The primary problem for Marlin and K-Ville lies in its buddy-cop show checklist. On the job, he confronts “the new partner thing,” because, for all its interesting local details and race politics, K-Ville is a generic project. Cobb (lumpy Cole Hauser) provides the other half of a predictable dynamic, being white, an outsider, and possessed of a highly-trained-up background helpfully enumerated by Captain Embry (John Carroll Lynch): an ex-Army Ranger who “did Special Ops two years near Kandahar.”

The pair go on to fight or collaborate, depending on what’s expedient for the plot, their combined skills solving the crime of the week. In the first episode, Cobb provides a valuable reading of “bullet patterns” at a crime scene while Marlin intuits the shady dealings by a security firm, staffed by “Gulf War vets turned mercenaries,” currently overseeing surveillance at a large casino.
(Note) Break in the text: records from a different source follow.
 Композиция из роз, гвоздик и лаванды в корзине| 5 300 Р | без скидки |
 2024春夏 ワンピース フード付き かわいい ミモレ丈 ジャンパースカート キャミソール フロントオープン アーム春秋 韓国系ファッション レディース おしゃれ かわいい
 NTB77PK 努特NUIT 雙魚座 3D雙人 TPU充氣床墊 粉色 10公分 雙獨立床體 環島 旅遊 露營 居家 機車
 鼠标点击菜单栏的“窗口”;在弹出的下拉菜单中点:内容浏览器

Granted, the shadiness is pretty much announced by the facts that the firm is called Black River (read: Blackwater) and is headed by a very shifty-looking Gordon Wix (William Mapother). Embry again provides the exposition: the company “happens to be employed by our federal government. They got FEMA projects, they supplement our troops in Iraq, they also give millions in campaign contributions to a particular political party.” In other words, they’re all that’s wrong with contracting to weapons-bearing “outsiders.” And they’re the episode’s most visible effort to tap existing controversies as the basis for its conventional plot: local entrepreneurial corruption, federal oversight lapses, and deep-seated racism exacerbated by recent events. This plot is not uninteresting, but it also occasions some standard-seeming slam-bang action sequences, punctuations that don’t develop character so much as they take up time: crashing cars, lots of gunfire, and very few citizens or other cops in sight.
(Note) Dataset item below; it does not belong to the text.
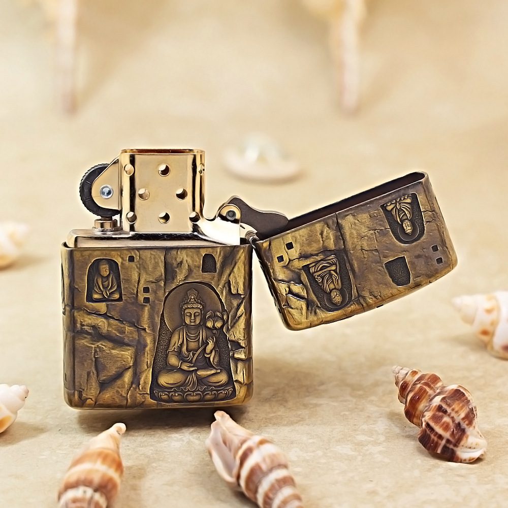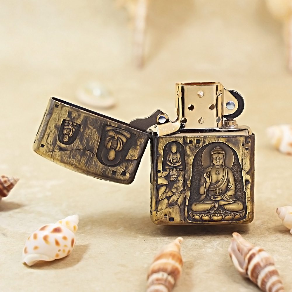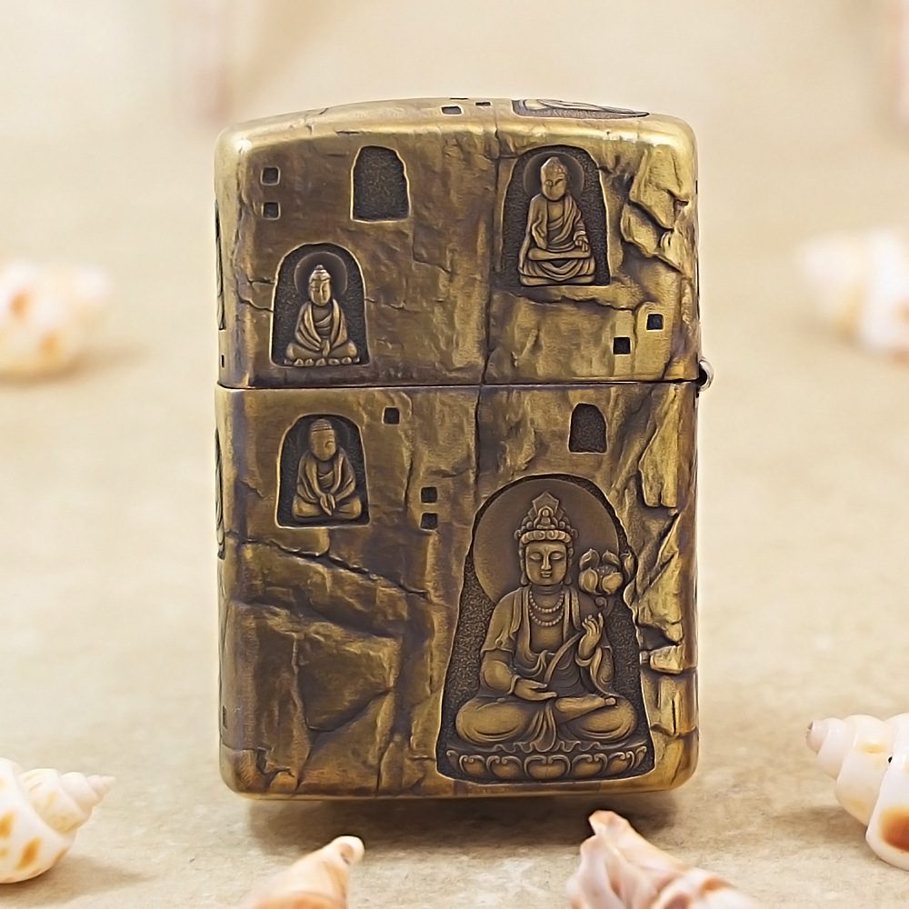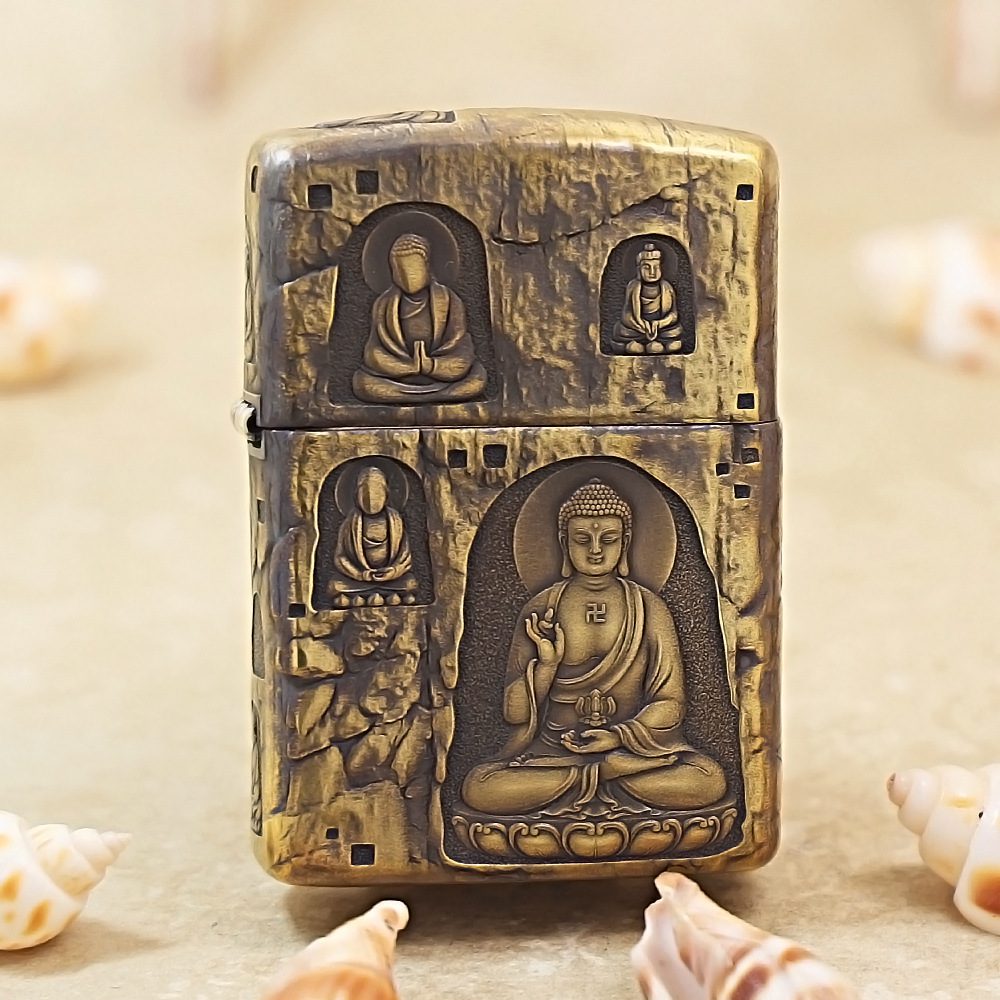 Be the first to review “Etching Armor Brass Grotto Buddha Zippo Lighter”

Also expected, Marlin’s personal investment involves his family, referenced here in the most cursory way. His ex-wife Ayana (Elise Neal) and daughter Tawni (Jiya Fowler) show up for a few minutes, so the villains can threaten them and send Marlin over an edge. This much is manifest in the first episode’s most striking and anomalous moment, when Marlin faces off with Wix in the interrogation room. While the detective doesn’t solicit any information, the scene compares surviving Katrina to surviving war. While jaunty rent-a-killer Wix makes fun of Marlin’s suspicions (“I don’t mean to be rude, but if we wanted to be assassins, we’d go to the Congo or Syria. They pay a lot better”), he also remarks Marlin’s severe pain and trauma: “I’ve been in a lot of wars, seen a lot of things. Your eyes right now? They’re the eyes of a soldier who’s on the verge of a breakdown, a man who’s not gonna last. So with respect, you ought to consider a vacation.” The camera closes on Marlin’s eyes, a single beadlet of sweat tracing down his forehead. He does look a little scary.

Still, it’s not clear just how far into that breakdown Marlin is headed. For dramatic purposes, as The Shield, Damages, and Rescue Me (all basic cable/FX shows, as opposed to network/Fox shows) have underlined, the more wrecked a protagonist, the better. Marlin so far looks to have risen above the ordeal of the storm, but the end of the first episode indicates that he is, indeed, wounded to the point of collapse. A stunningly convenient/contrived discovery reveals not only a secret in Cobb’s past that makes him indebted to Marlin, but also that Marlin’s commitment to legal niceties is not so hardcore as it may have seemed.

For all its cop-show banalities, K-Ville still brings a couple of crucial changeups: the mesmeric Anderson and the still roiling storm. And if it the first episode overkills the point by closing with Vaughan Penn’s cover of “Who’ll Stop the Rain?”, it also promises that Katrina, still central to so many people’s lives, will remain central in this little bit of weekly TV as well.